It’s Mother’s Day and I am baking.
I know that I’m supposed to stay in bed and have things brought to me today, but I just couldn’t help myself.
You see, we are in the midst of the crazy busy times that mark the end of the school year. But my kids still took time out for me.
With #1 and DH (darling husband) in other towns (or countries), I wasn’t expecting a lot. But my remaining two kids announced we were going out to breakfast. And then my middle daughter straightened up the family room where she has been camped out cramming for AP exams. I can actually see rug from end to end!
Life is good!

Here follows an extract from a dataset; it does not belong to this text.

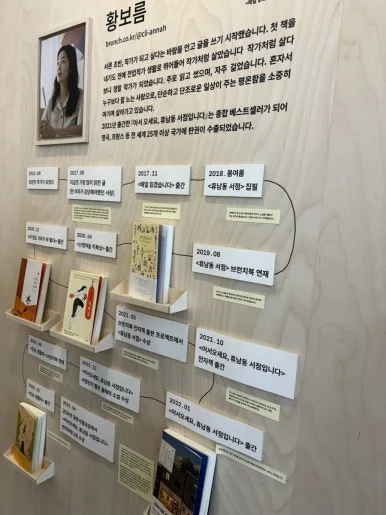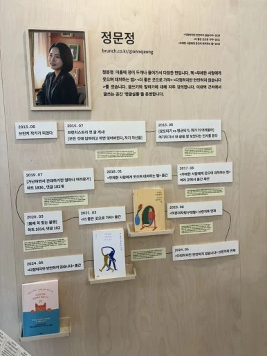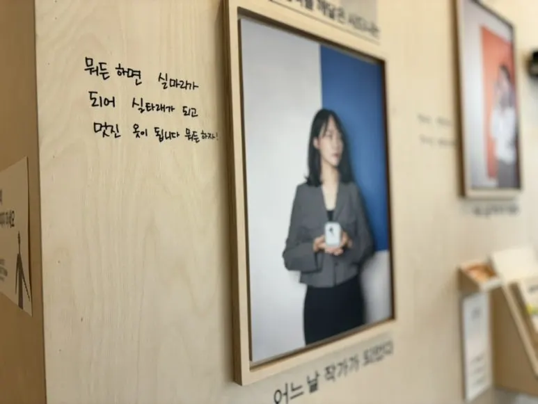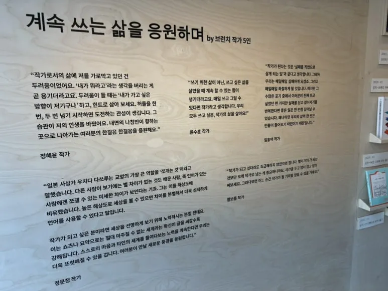 바라는 대로 된다고 믿는 내게 생생하게 목표를 그리는 것이 목표달성에 중요하다. 그래서 생생하고 구체적인 경험담은 내가 목표를 시각화하는 데에 귀한 영감을 준다. 이번 전시에서 작가로서의 여정을 자세히 볼 수 있어서 롤모델로 삼을 요소를 많이 발견할 수 있었다. 그저 일상을 진솔하게 쓴 글이었는데 많은 사람들에게 공감과 응원을 받으면서 어떤 느낌이 들었는지 이야기해 주는 저자도 있었고, 작품을 탈고까지 했는데 출판사와 계약이 불발되었을 때 POD라는 대안을 찾은 과정, 내 글에 대해 여러 사람들이 댓글로 논쟁하는 걸 보는 마음, 우연한 인연으로 해외 번역판이 출간되는 경험 등을 이야기해 주는 저자도 있었다. 그분들의 이야기를 읽으며 든 생각은 '진솔하다'였다. 작가로서 경험한 것에 대해 길어야 한문단 정도 되는 글에서도 마치 바로 앞에서 오랜 친구와 도란도란 이야기하는 듯했다. 저자들의 스토리 앞에는 그분들이 전해주는 글쓰기 꿀팁도 곳곳에 메모지처럼 가져갈 수 있게 놓여있었다. 그리고 저자들의 소중한 물건들도 전시하고 있었다. 우수 도서로 선정되어 받은 트로피, 습작 노트, 애착 필기구, 여행 다니며 모은 수집품 등등. 작가들의 취향이 물씬 묻어나서 보고 느낄 것이 많았다. 이렇게 느낀 것을 그저 감상에만 담아두지 않고 실제로 글로 쓸 수 있도록 전시 곳곳에서 글쓰기를 격려하고 있었다. 계속 쓰는 삶을 응원하며 정문정 작가님과 윤수훈 작가님이 써주신 글이 인상 깊었다.

And doesn’t good = chocolate?
Meringue Topped (Chocolate Chip) Bars
- ½ c white sugar
- ½ c brown sugar
- 1 c butter, softened
- 2 egg yolks (reserve whites)
- 1 c all-purpose flour
- 1 c whole wheat flour
- 1 t baking soda
- 1 T cold water
- 12 oz pkg choc chips
Meringue Topping Ingredients
- 2 egg whites
- 1 c brown sugar
1. Mix together all cookie ingredients except chocolate chips.
2. Press into large (10 X 15 or larger) greased pan (I use a jelly roll pan). Sprinkle with choc chips, then press them in firmly, so they don’t pull out when you add the topping.

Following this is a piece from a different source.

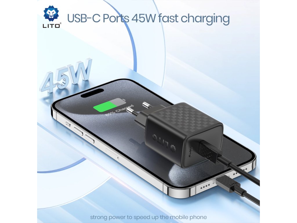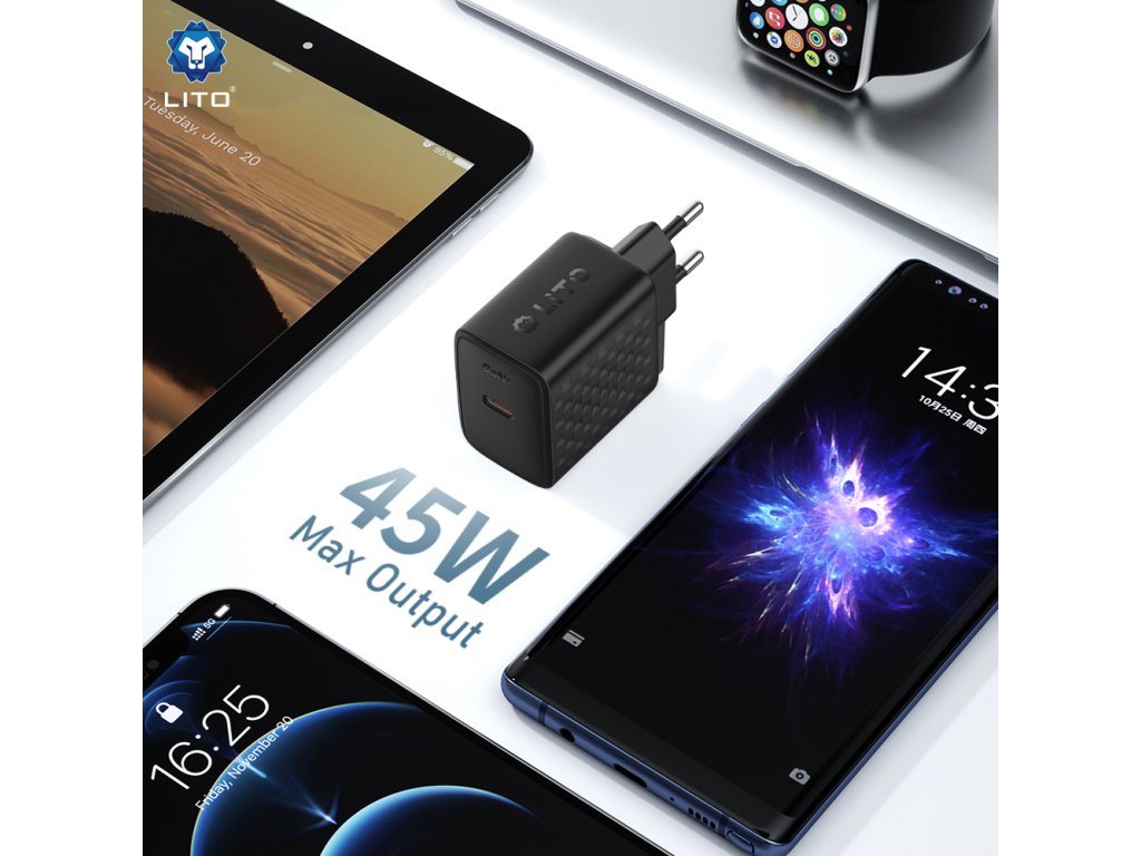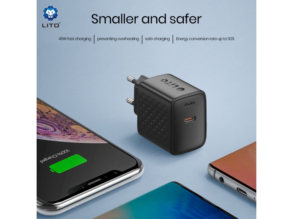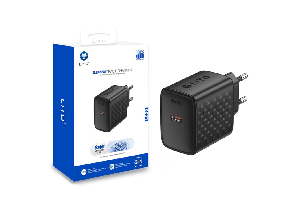 Lito - Wall Charger LC20 sieťová nabíjačka (USB-C výstup, PD45W, GaN technológia, nehorľavý PC materiál, EU vidlica) - čierna

3. To make meringue, beat until stiff 2 egg whites and slowly beat in 1 c brown sugar. Cover chips with meringue.
4. Bake at 350 for 25 minutes or until lightly golden.
The recipe has been in the family for ages and I make it just like my mother did (Happy Mother’s Day Mom!) except that I substitute half whole wheat flour. Does that makes it health food?
With one more crazy week (then a brief hiatus until final exams), I hope the cookies make everyone feel good about life. That makes it health food, doesn’t it?